3. **Hyperparameter Settings**

``'params'`` (:class:`dict`)
  |

  A dictionary of values to be used for model hyperparameters during training. Examples include the ``'kernel'`` parameter for SVM, ``'penalty'`` for logistic regression, ``'max_depth'`` for decision tree, and so on. The list of allowable hyperparameters depends on the model selected. See the :ref:`reference links <sklearn_role_models>` above for parameter lists.

``'param_selection'`` (:class:`dict`)
  |

  Is a dictionary containing the settings for :sk_guide:`hyperparameter selection <grid_search>`. This is used as an alternative to the ``'params'`` dictionary above if the ideal hyperparameters for the model are not already known and need to be estimated.

  MindMeld needs two pieces of information from the developer to do parameter estimation:

  #. The parameter space to search, captured by the value for the ``'grid'`` key
  #. The strategy for splitting the labeled data into training and validation sets, specified by the ``'type'`` key

  Depending on the splitting scheme selected, the :data:`param_selection` dictionary can contain other keys that define additional settings. The table below enumerates all the keys allowed in the dictionary.
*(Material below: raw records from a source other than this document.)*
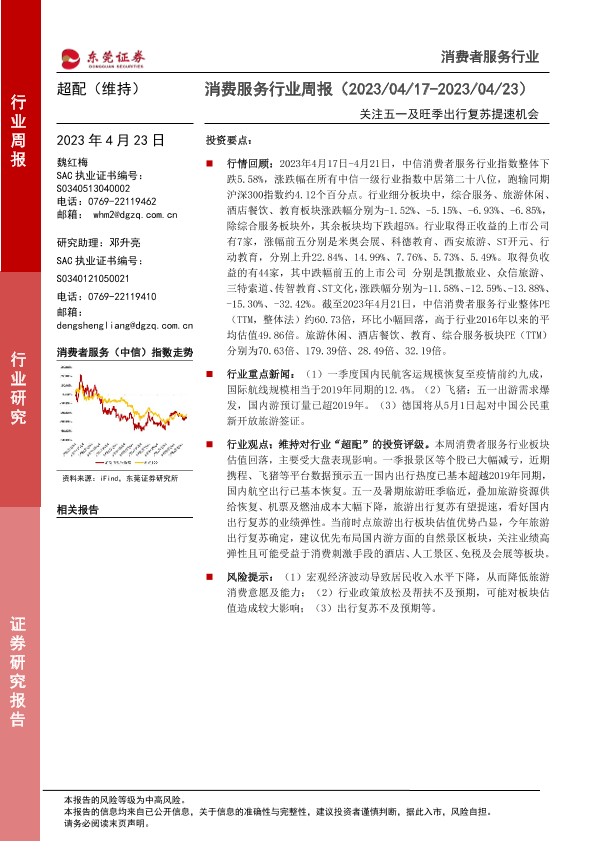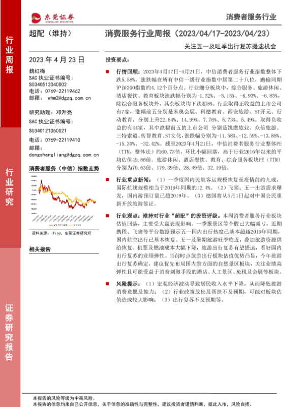 【东莞证券】【20230423】消费服务行业周报:关注五一及旺季出行复苏提速机会-10页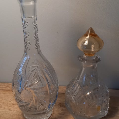 Vintage presset krystallkaraffel i diamantmønster. Høyde med propp 29 cm, uten 23 cm, diameter 10 cm. 6 drammeglass i samme stil/mønster, høyde 6 cm og diameter 4 cm. Alt er helt uten lyter/merker. Selges samlet.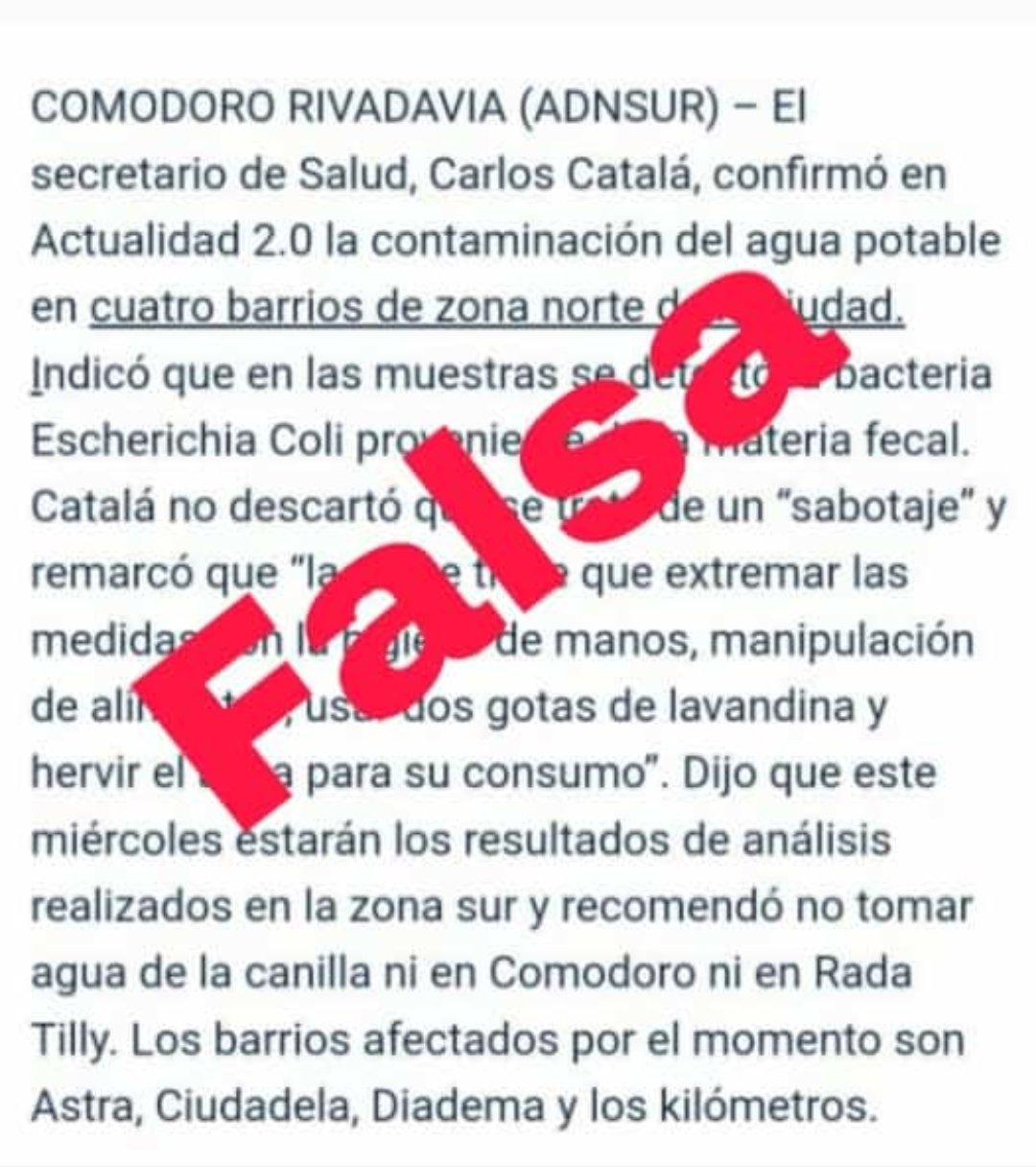 Fake News: advierten sobre un mensaje viral en WhatsApp sobre agua contaminada en Comodoro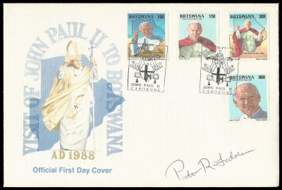 Botswana. 1988 Visit of Pope John Paul II FDC signed by designer Peter R Loden. Very fine condition.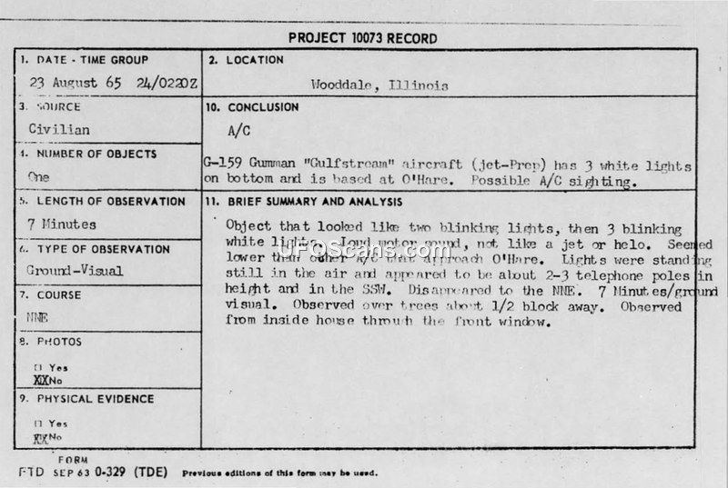 A civilian reported a stationary object with blinking lights and a loud motor sound in Wooddale, Illinois, on 23 August 1965. The Air Force concluded the sighting was a Grumman G-159 Gulfstream aircraft landing at O'Hare.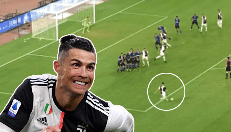 호날두의 유벤투스에서 유일한 프리킥 골.gif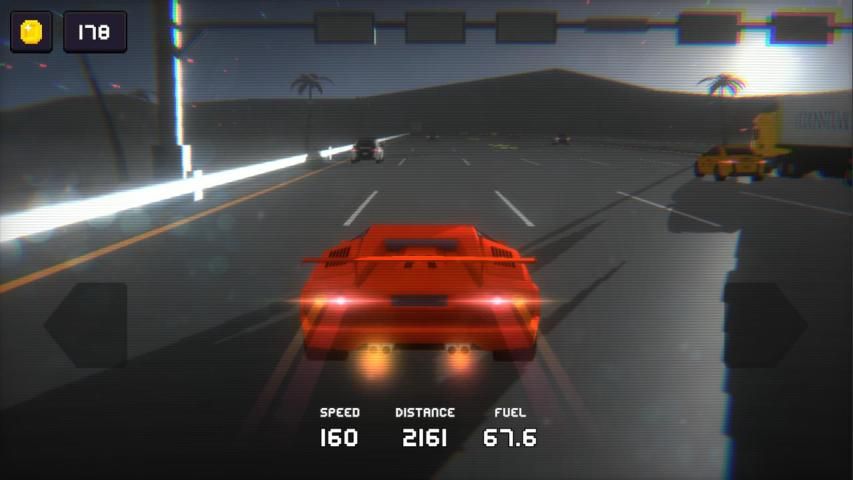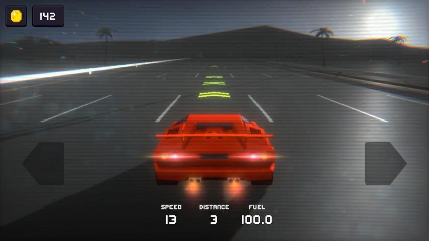 80 के दशक के माहौल के माध्यम से एक अंतहीन नियॉन राजमार्ग पर अपनी स्पोर्ट्स रेसिंग कार चलाएं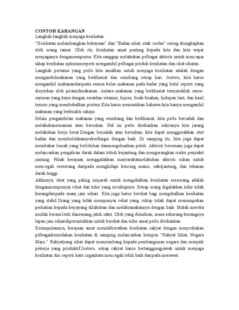 Isi karangan ni x cukup.sepatunya ada 7 perenggan . Karangan bahasa melayu merangkumi pelbagai tema dan tajuk yang berpotensi . Kebersihan badan meliputi kebersihan diri sendiri, seperti mandi, gosok gigi, mencuci tangan, dan memakai pakaian yang bersih. Di bawah ini adalah contoh karangan esai tentang kebersihan diri dan lingkungan sebagai referensi untuk semua siswa. Cara yang lebih mudah ialah seseorang itu perlu menjaga kebersihan diri. Aktiviti mandi dan memakai pakaian yang bersih serta . Karangan ini sesuai untuk peperiksaan upsr. Oleh itu, kita mestilah menjaga kebersihan diri. Menjaga kebersihan merupakan satu amalan yang penting dalam kehidupan kita. Seseorang yang tidak mengekalkan kebersihan diri akan lebih mudah untuk dijangkiti penyakit. Kebersihan adalah salah satu tanda dari keadaan hygene yang baik.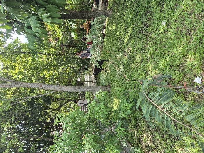 A lush outdoor scene features a variety of trees and dense ground vegetation. In the distance, people are visible, some seated on a bench or structure. A black and white animal, possibly a dog or cow, stands near the edge of the grassy area. A tree trunk dominates the middle ground, and a fern frond lies diagonally across the right foreground. The overall impression is one of a park or natural setting with people enjoying the outdoors.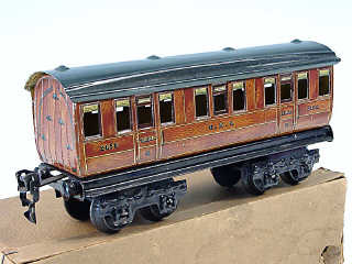 MÄRKLIN 'O' (ALLEMAGNE) 2873/0 Voiture-voyageurs première & 3ème classes 'G.N.R' teck & gris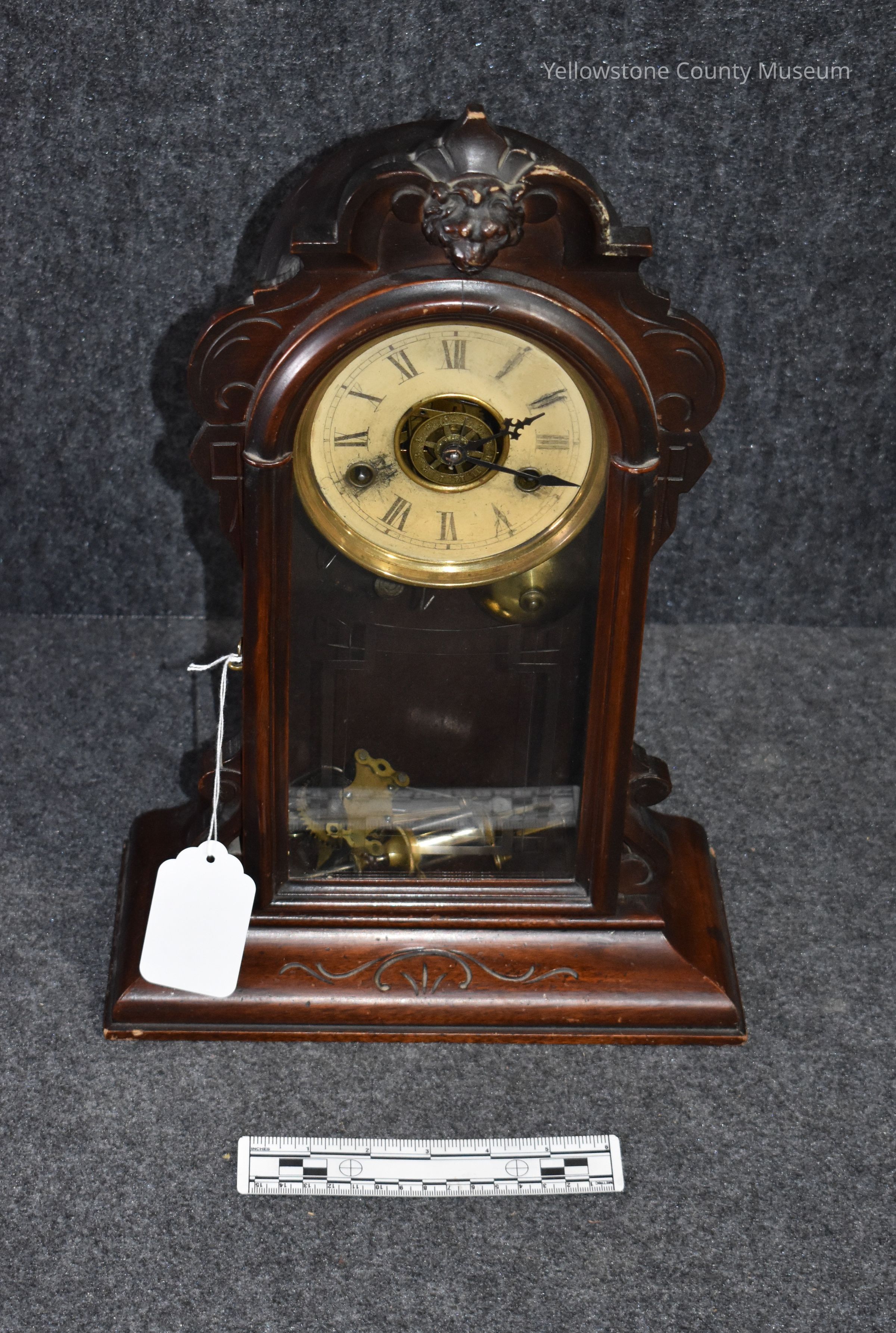 A small, ornate, grandfather-style clock; the clock face is cream colored with roman numerals; the hour hand has a maltese cross symbol while the minute hand is shaped like a spade; clock has a wide wooden base and the likeness of a lion head over the face; the front of the clock is made of glass; inside are the components for the pendulum.Acquisition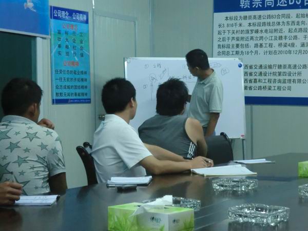 項目總工代聲慶詳細(xì)講述了橋梁施工過程中的各個環(huán)節(jié)及注意事項,根據(jù)實際施工情況,通過板書、畫圖等方法,如同把施工現(xiàn)場搬到了講臺,給新員工進行了細(xì)致全面的講述。項目經(jīng)理張春濤,根據(jù)自己多年的施工經(jīng)驗,提出了許多寶貴意見,并分發(fā)了《工地建設(shè)標(biāo)準(zhǔn)》及《規(guī)范化施工標(biāo)準(zhǔn)》兩本施工用書,希望新員工能把學(xué)到的知識運用到實際工作中去。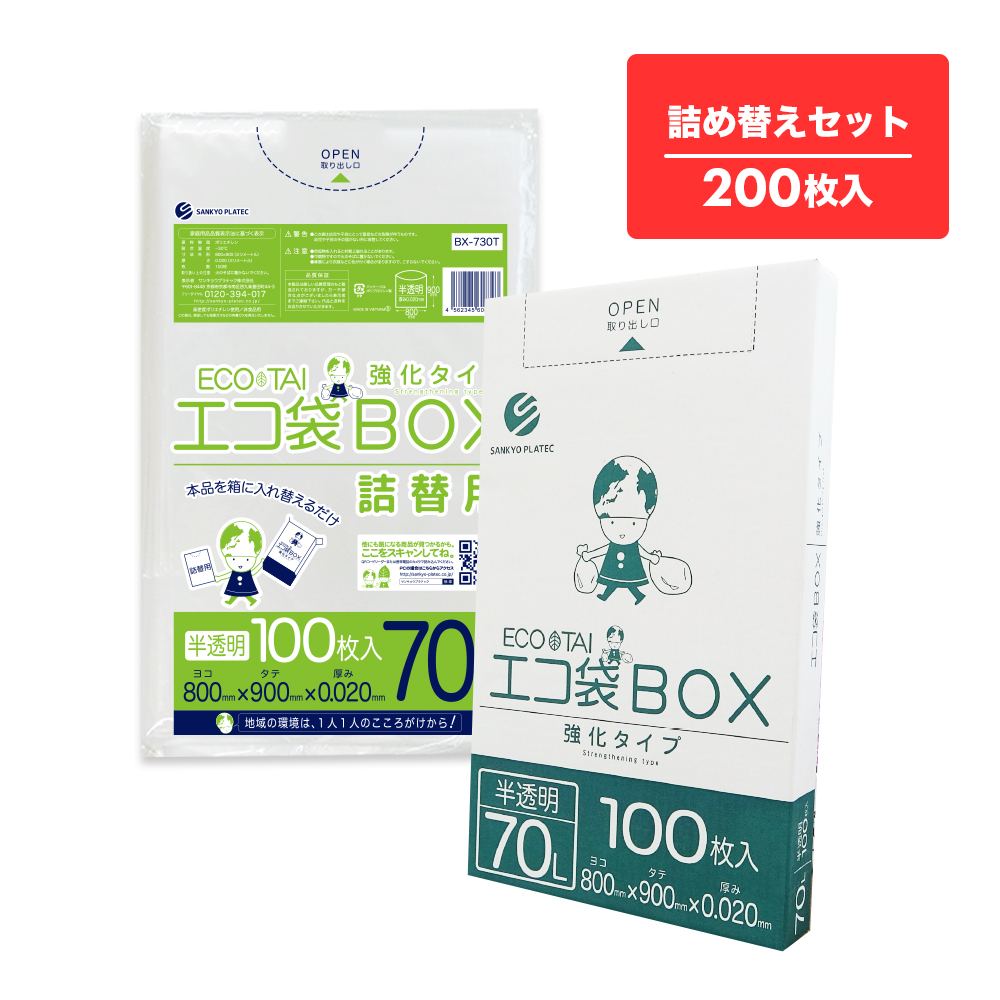 ごみ袋 70リットル 薄手 半透明 80x90cm 0.020mm厚 1小箱(100枚)+詰替用(100枚) BX-730kt / ポリ袋 ゴミ袋 箱タイプ 70l ナチュラル 業務用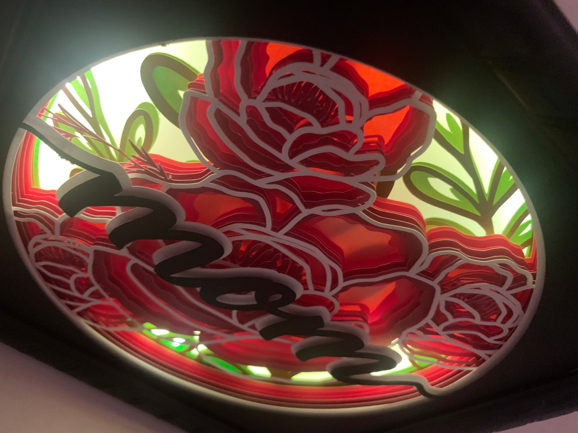 “Lighted Mom and Roses” shadow box. This piece is amazing in person. It would make a great night light for any room.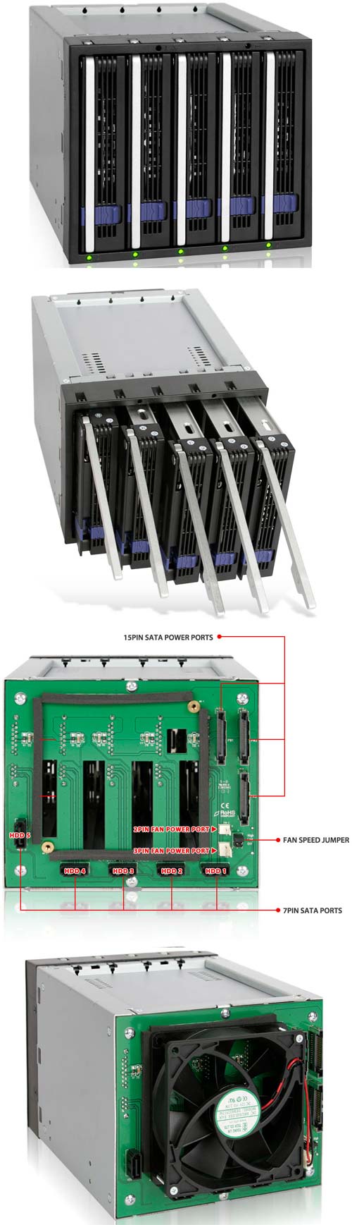 Аппарат называется FatCage MB155SP-B, он вмещает в себя до пяти 3.5" SATA I/II/III накопителей, занимает три 5.25" отсека в ПК и поддерживает функцию SATA Hot-Swap. Охлаждением винчестеров внутри "толстой клетки" занимает 92мм вентилятор, установленный с обратной стороны новинки.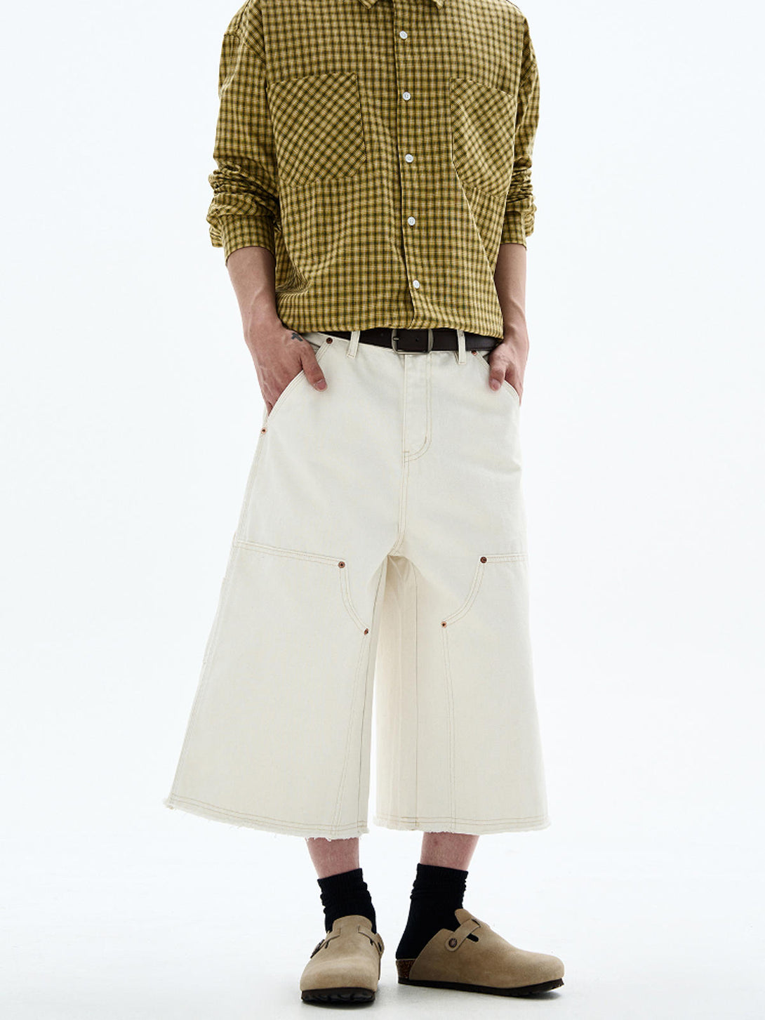 Clean cream-wash denim meets minimalist eyelet detailing in a cropped wide-leg construction built for effortless summer expression. The strategically placed metal eyelets add subtle texture while enhancing breathability, with the relaxed silhouette and premium cotton blend delivering all-day comfort from beach to city.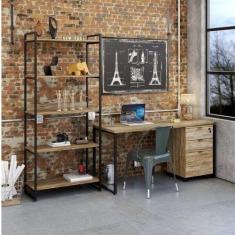 Conjunto Home Office Industrial 3 Peças 1 Escrivaninha 1 Estante e 1 G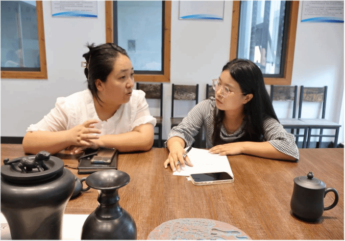 (易雯雪同学在调研中与访谈对象交流)
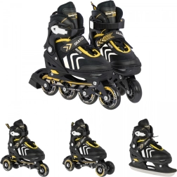 Dieses 4-in-1-Kinderset passt sich jeder Saison und jedem Können an. Im Handumdrehen verwandeln Sie es von Inlineskates in Rollschuhe oder Eislaufschuhe. Die fünfstufige Größenverstellung (34–38) mit einer Innenlänge von 20,5–23,5 cm wird von einer halbstarren Konstruktion begleitet, die dem Knöchel Halt gibt und für Fahrkomfort sorgt.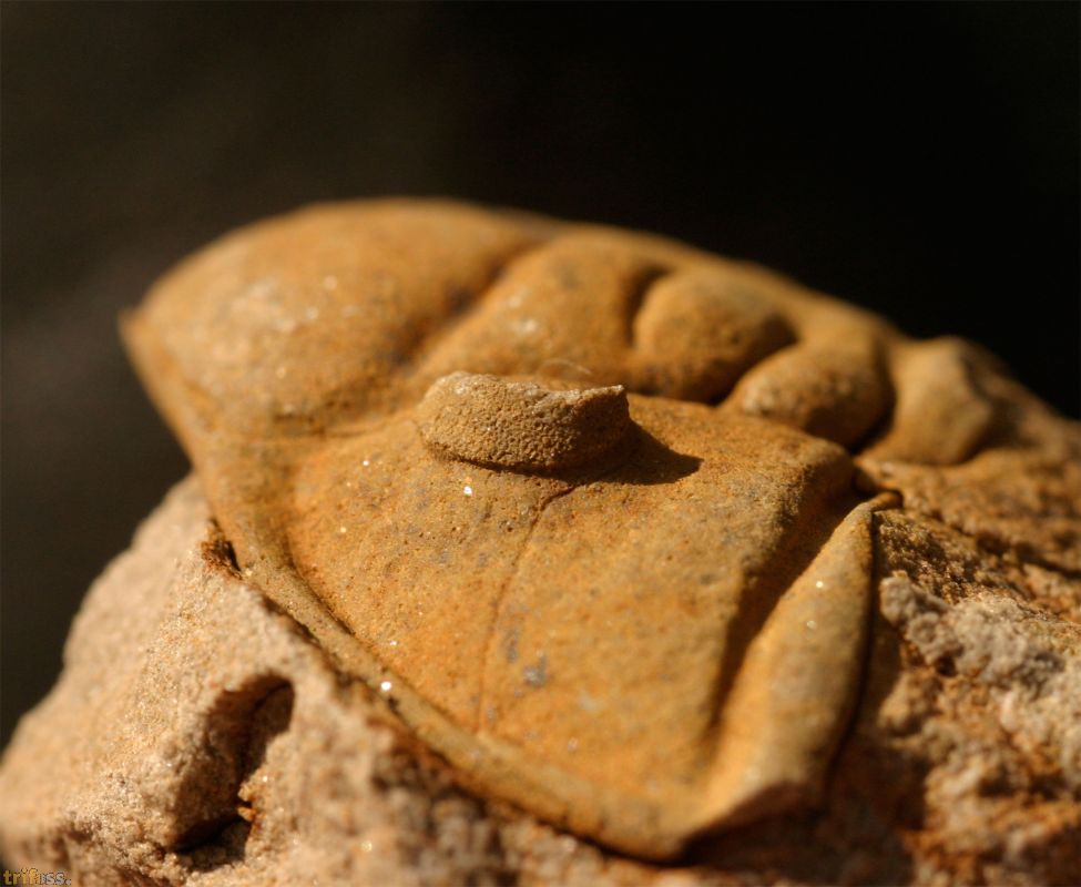 Hier ist ein schönes und detailreiches Cephalon von Dalmanitina socialis in einer hellen Färbung.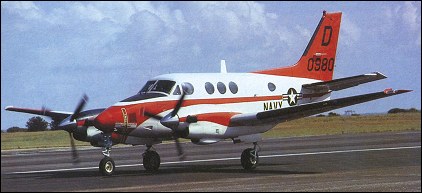 In 1976 the Naval Air Systems Command selected Beech win¬ner of an industry, competition for a three year pur¬chase of new multi engine training aircraft for Naval aviators. The Navy selected an aircraft that combined features of the C90 and E90, designated T 44A. The aircraft is powered by two 550 shp PT6A-34B turbo-prop engines. A total of 15 aircraft purchased by the Navy are to replace piston engine powered TS 2A and TS 2B trainers.

  +-----------------------+-------------------------------------------------------------------------------------------------------------------------+
  | Key                   | Value                                                                                                                   |
  +=======================+=========================================================================================================================+
  | ``'grid'``            | A dictionary mapping each hyperparameter to a list of potential values to be searched. Here is an example grid          |
  |                       | for a :sk_api:`logistic regression <sklearn.linear_model.LogisticRegression>` model:                                    |
  |                       |                                                                                                                         |
  |                       | .. code-block:: python                                                                                                  |
  |                       |                                                                                                                         |
  |                       |    {                                                                                                                    |
  |                       |      'penalty': ['l1', 'l2'],                                                                                           |
  |                       |      'C': [10, 100, 1000, 10000, 100000],                                                                               |
  |                       |       'fit_intercept': [True, False]                                                                                    |
  |                       |    }                                                                                                                    |
  |                       |                                                                                                                         |
  |                       | See the :ref:`reference links <sklearn_role_models>` above for details on the hyperparameters available for each model. |
  +-----------------------+-------------------------------------------------------------------------------------------------------------------------+
  | ``'type'``            | The :sk_guide:`cross-validation <cross_validation>` methodology to use. One of:                                         |
  |                       |                                                                                                                         |
  |                       | - ``'k-fold'``: :sk_api:`K-folds <sklearn.model_selection.KFold>`                                                       |
  |                       | - ``'shuffle'``: :sk_api:`Randomized folds <sklearn.model_selection.ShuffleSplit>`                                      |
  |                       | - ``'group-k-fold'``: :sk_api:`K-folds with non-overlapping groups <sklearn.model_selection.GroupKFold>`                |
  |                       | - ``'group-shuffle'``: :sk_api:`Group-aware randomized folds <sklearn.model_selection.GroupShuffleSplit>`               |
  |                       | - ``'stratified-k-fold'``: :sk_api:`Stratified k-folds <sklearn.model_selection.StratifiedKFold>`                       |
  |                       | - ``'stratified-shuffle'``: :sk_api:`Stratified randomized folds <sklearn.model_selection.StratifiedShuffleSplit>`      |
  |                       |                                                                                                                         |
  +-----------------------+-------------------------------------------------------------------------------------------------------------------------+
  | ``'k'``               | Number of folds (splits)                                                                                                |
  +-----------------------+-------------------------------------------------------------------------------------------------------------------------+

  To identify the parameters that give the highest accuracy, the :meth:`fit` method does an :sk_guide:`exhaustive grid search <grid_search.html#exhaustive-grid-search>` over the parameter space, evaluating candidate models using the specified cross-validation strategy. Subsequent calls to :meth:`fit` can use these optimal parameters and skip the parameter selection process

4. **Custom Train/Test Settings**

``'train_label_set'`` (:class:`str`)
  |

  A string representing a regex pattern that selects all training files for role model training with filenames that match the pattern. The default regex when this key is not specified is ``'train.*\.txt'``.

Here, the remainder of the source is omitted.